If Paul Manafort had not worked for Donald Trump, if Michael Flynn had not worked for Donald Trump, if Michael Cohen — the rat — had not worked for Donald Trump, not a single one of them would have ever been targeted or prosecuted. Not a single one of them. In fact, Manafort was, and they decided it wasn’t worth pursuing, about four or five years ago… This is his second rodeo on this. The first time they took a look at him, he’s had some questionable behavior in terms of registering as a foreign agent with some of the lobbying that he was doing I think for Ukrainian.
They only looked into it, and they exonerated him. They said nothing to see here, nothing to do. But now you put Donald Trump, who had the audacity to win the 2016 election in the mix, and now everything changes.

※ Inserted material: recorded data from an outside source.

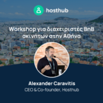 Η Hosthub διοργανώνει δωρεάν workshops σε όλη την Ελλάδα, για τέταρτη συνεχόμενη χρονιά, στο πλαίσιο ενημέρωσης και επιμόρφωσης των διαχειριστών βραχυχρόνιας μίσθωσης για τις νέες τάσεις της αγοράς με σκοπό την ανταλλαγή απόψεων και ιδεών, μεταξύ των διαχειριστών και των ειδικών του κλάδου.
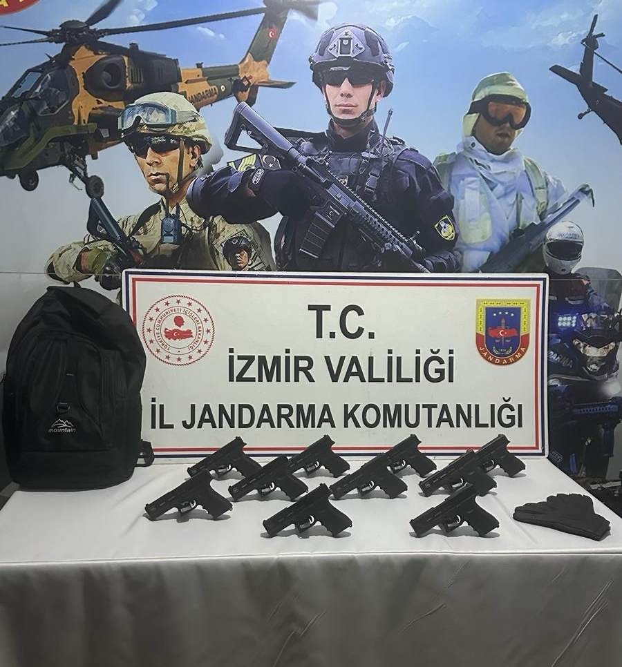 Bornova ilçesi Çiçekli Mahallesi’nde silah ticareti yapılacağı bilgisi üzerine, İzmir Cumhuriyet Başsavcılığının koordinesinde, İl Jandarma Komutanlığı İstihbarat Şube Müdürlüğü ve Bornova İlçe Jandarma Komutanlığı ekipleri tarafından belirlenen adrese operasyon düzenledi. Operasyonda 2 şahıs, 10 adet ruhsatsız tabanca ile birlikte yakalandı. Olayın devamında şahısların evlerinde yapılan aramalarda ise 1 adet ruhsatsız tabanca, tabancaya ait 2 adet şarjör ve 6 fişek ele geçirildi.
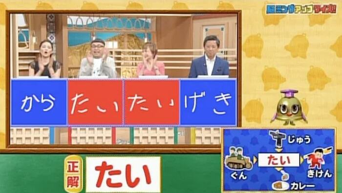 正解は「たい(軍隊・渋滞・大気圏・タイカレー)」。イジリーさんと後藤さんが正解!
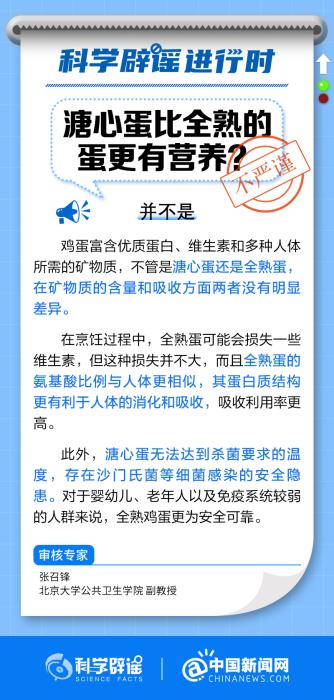 中新網(wǎng)10月20日電 溏心蛋和全熟蛋在礦物質(zhì)的含量和吸收方面沒(méi)有明顯差異。在烹飪過(guò)程中,全熟蛋可能會(huì)損失一些維生素,但這種損失并不大,而且全熟蛋的氨基酸比例與人體更相似,其蛋白質(zhì)結(jié)構(gòu)更有利于人體的消化和吸收。此外,溏心蛋無(wú)法達(dá)到殺菌要求的溫度,存在沙門(mén)氏菌等細(xì)菌感染的安全隱患。(來(lái)源:@科學(xué)辟謠 @中國(guó)新聞網(wǎng) )

I guarantee you they couldn’t care less about going after Michael Cohen! Not even SDNY. Not even New York prosecutors would waste time with Cohen, nor Manafort or especially Flynn. This Flynn business… A little side note here. The judge has made it plain to Flynn that he finds what Flynn did to be abhorrent, lying while in the White House to the FBI as a member of an administration.
The judge has spared no words in shaming Michael Flynn. But at the same time, he is pursuing this — according to things that people in the courthouse are saying — in a kind of strange way. He’s making Flynn confirm multiple times that he knows what’s goin’ on here. Now, the prosecutors have recommended no jail. The sentencing window for what Flynn’s guilty of here, what he’s pleading guilty to is zero to six months, and the prosecutors have told the judge they recommend zip.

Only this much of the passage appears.